WORK REQUIRED
Omit every picture, then return each line of the data below exactly.

GIVEN MATERIAL
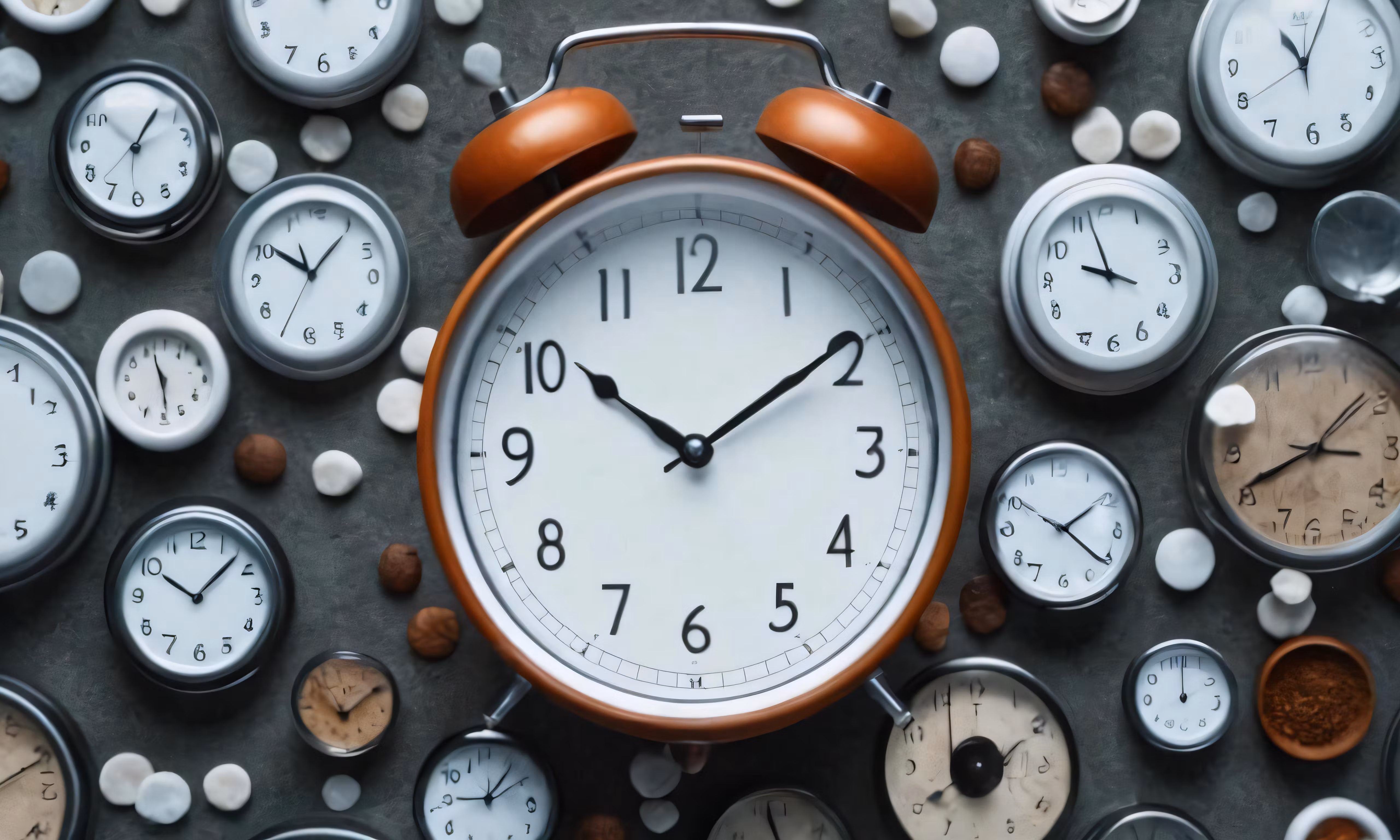 High resolution picture, free to use, many different clocks and nuts scattered around it
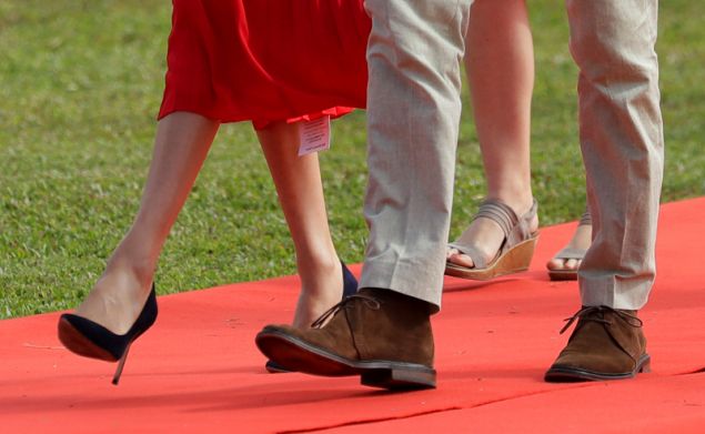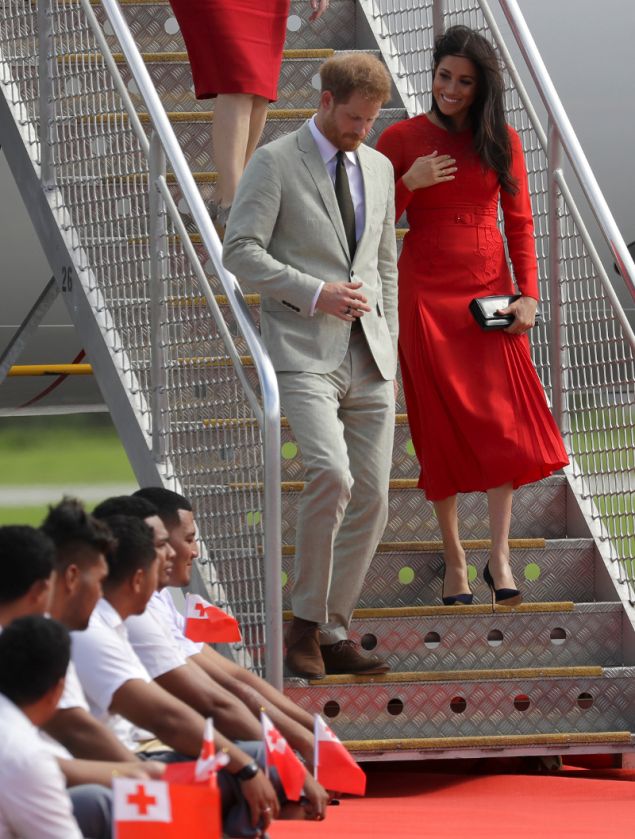 Η Markle φοράει ένα κατακκόκκινο φόρεμα από το οποίο κρέμεται το ταμπελάκι, πράγμα που φάνηκε ξεκάθαρα.
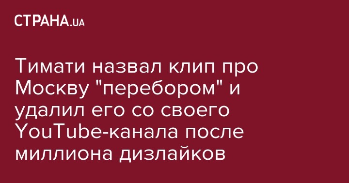 Тимати назвал клип про Москву "перебором" и удалил его со своего YouTube-канала после миллиона дизлайков
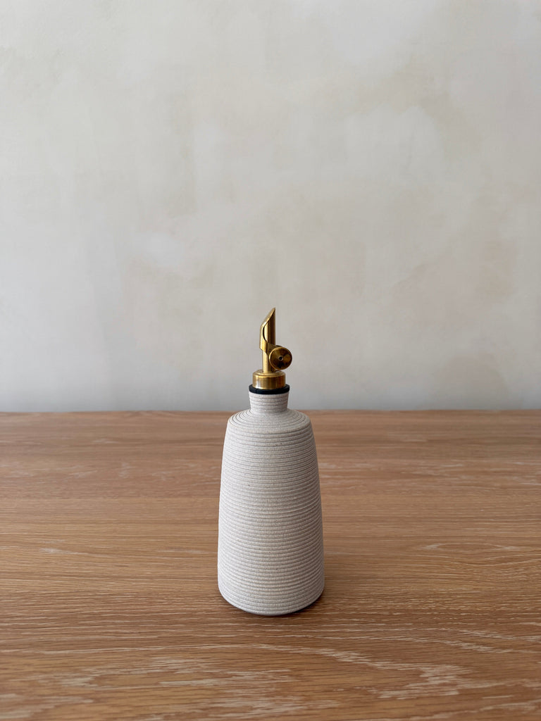 Thoughtfully designed for the home chef who values form and function, this stoneware bottle is fitted with an antique brass auto-opening pour spout for effortless everyday use. Durable enough for daily cooking, and elegant enough to display — it’s the perfect functional accent to elevate your kitchen space. Pair it with the Lucca Ceramic Olive Oil Bottle and Capri Ceramic Utensil Jar for a cohesive and layered kitchen moment.

ANSWER TO THE PROBLEM
 High resolution picture, free to use, many different clocks and nuts scattered around it
 Η Markle φοράει ένα κατακκόκκινο φόρεμα από το οποίο κρέμεται το ταμπελάκι, πράγμα που φάνηκε ξεκάθαρα.
 Тимати назвал клип про Москву "перебором" и удалил его со своего YouTube-канала после миллиона дизлайков
 Thoughtfully designed for the home chef who values form and function, this stoneware bottle is fitted with an antique brass auto-opening pour spout for effortless everyday use. Durable enough for daily cooking, and elegant enough to display — it’s the perfect functional accent to elevate your kitchen space. Pair it with the Lucca Ceramic Olive Oil Bottle and Capri Ceramic Utensil Jar for a cohesive and layered kitchen moment.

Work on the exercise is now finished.